Teacher preparation programs don’t need to be selective in accepting students under new federal rules released by the U.S. Department of Education on Wednesday, “so long as they maintain a high bar to exit, to allow programs to recruit a more diverse student body while maintaining the requirements for quality preparation as shown by graduation.”

The final rules, which apply to traditional, alternate, and online programs, come after a nearly two-year wait from their initial introduction, during which the U.S. Department of Education sought public input about the proposed rules.

The final rules were based in part on these comments, including several that recommended the U.S. DOE remove its original proposal to use entry requirements as a method of judging a teacher preparation program’s success. Commenters said that assessing teacher preparation program performance based on their selectivity “could compromise the mission of minority-serving institutions, which often welcome disadvantaged students and develop them into profession-ready teachers.”

Teacher candidates may not meet “purely grade- or test-based entry requirements,” the commenters said, but could still become well-qualified teachers if a preparation program is strong.

The government’s strategy of removing requirements around selectivity to diversify the teaching force met some criticism.

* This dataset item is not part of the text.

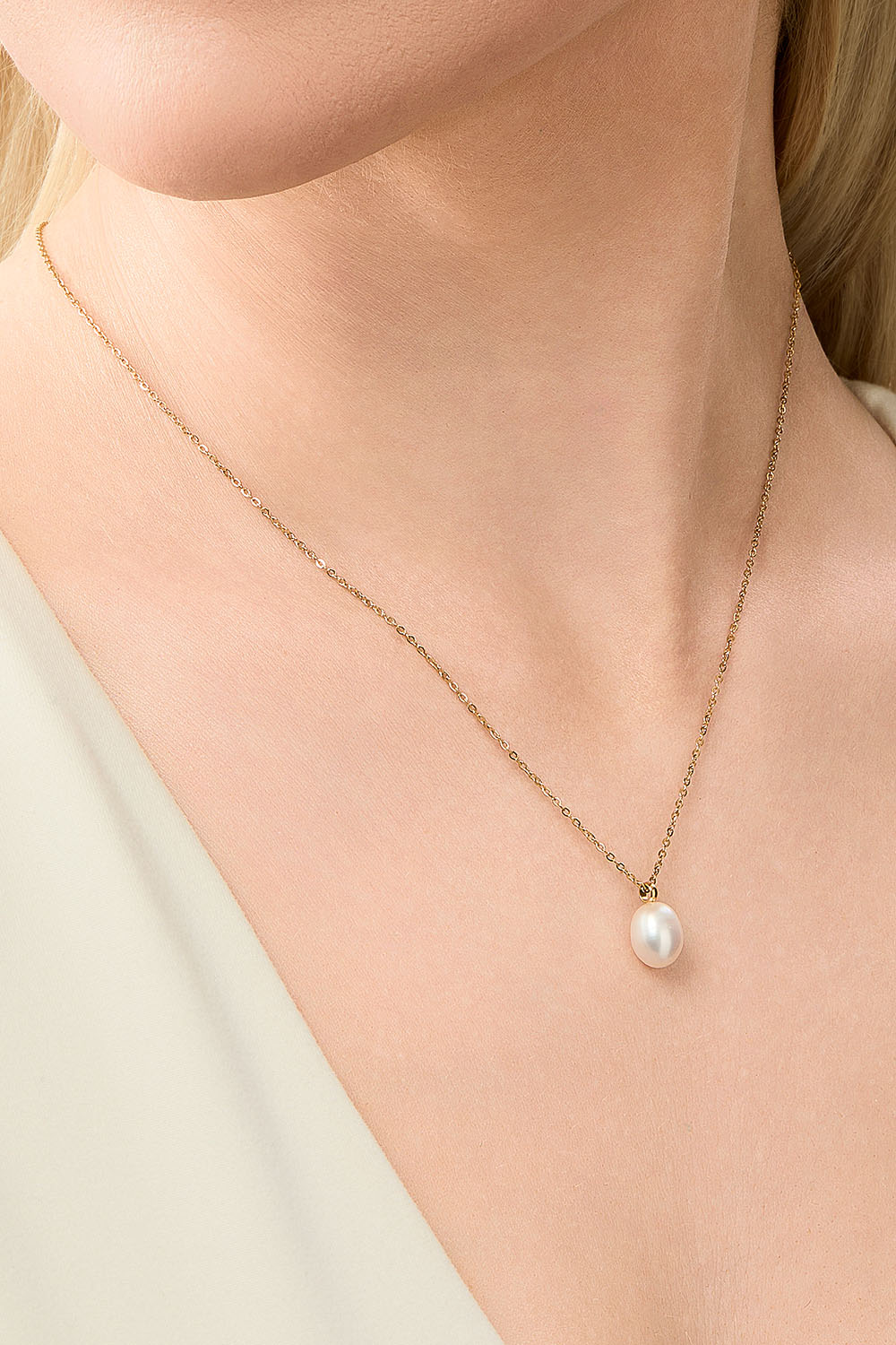 Tunt kedjehalsband i högpolerat rostfritt stål som är PVD-pläterat med 18K guld, med en stor hängande sötvattenspärla.
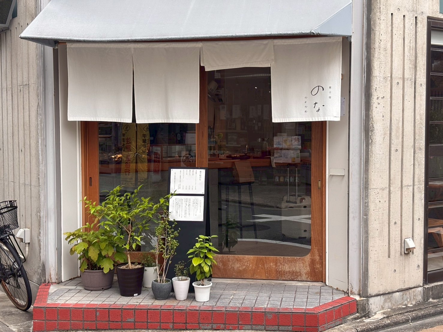 烏丸線「五条駅」から徒歩約10分。小学校や住宅が建ち並ぶ通りの一角に「菓子屋のな」はあります。季節の果物などをメインに、素朴ながら素材の魅力を引き出したモダンな和菓子のお店です。

“I’m very much opposed to anything that would lower the bar for entry, for a simple reason: It’s already about as low as you can go. In many institutions in the United States, there are lower bars for entry than playing college athletics,” said Kate Walsh, president of the National Council on Teacher Quality. “We do a tremendous disservice to think that the way to diversify the teaching profession is to lower the bar.”

She added, “It’s such a tremendously insulting move to African-Americans and Latinos to say we want you to come into the profession so badly and the only way we can make that happen is if we have no standards. I can’t imagine what that does to someone’s psyche.”

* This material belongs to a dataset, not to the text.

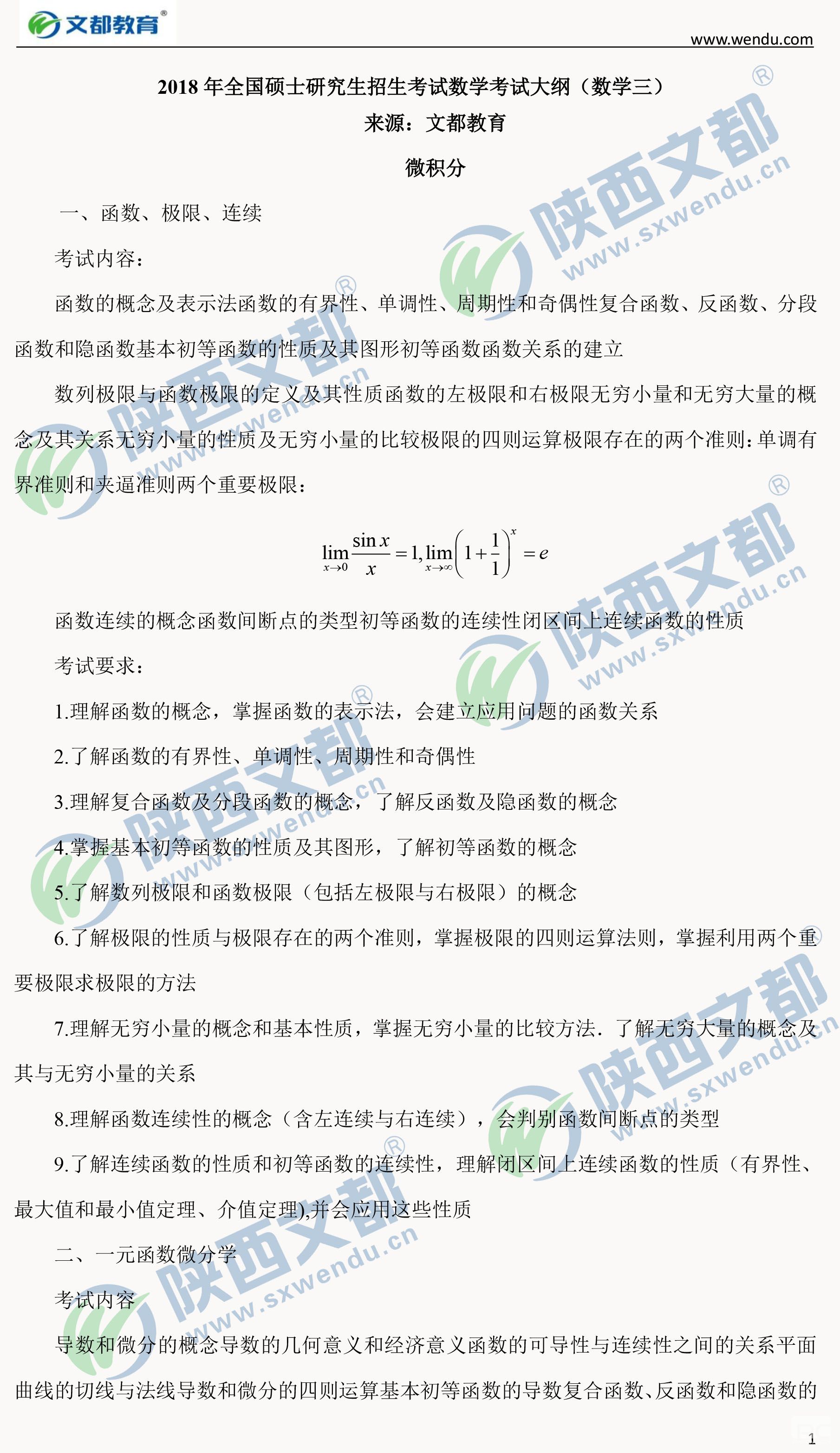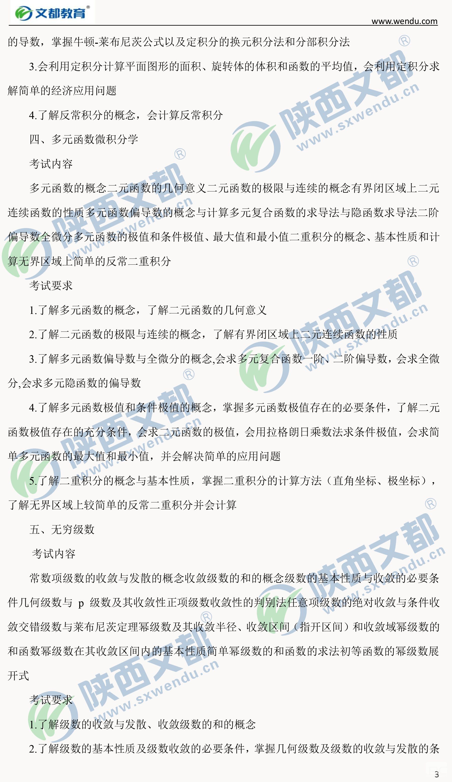 2018年全國碩士研究生招生考試數學考試大綱(數學三)

The proportion of teachers who are African-American, non-white Hispanic, Native American and Asian is 18 percent, according to the authors of an August 2016 report published by the Brookings Institution. The report, which focuses on African-American and Hispanic teachers, projects that 300,000 African-Americans and 600,000 Hispanics would need to join the profession - as 1 million white teachers exit - in order to close the diversity gap.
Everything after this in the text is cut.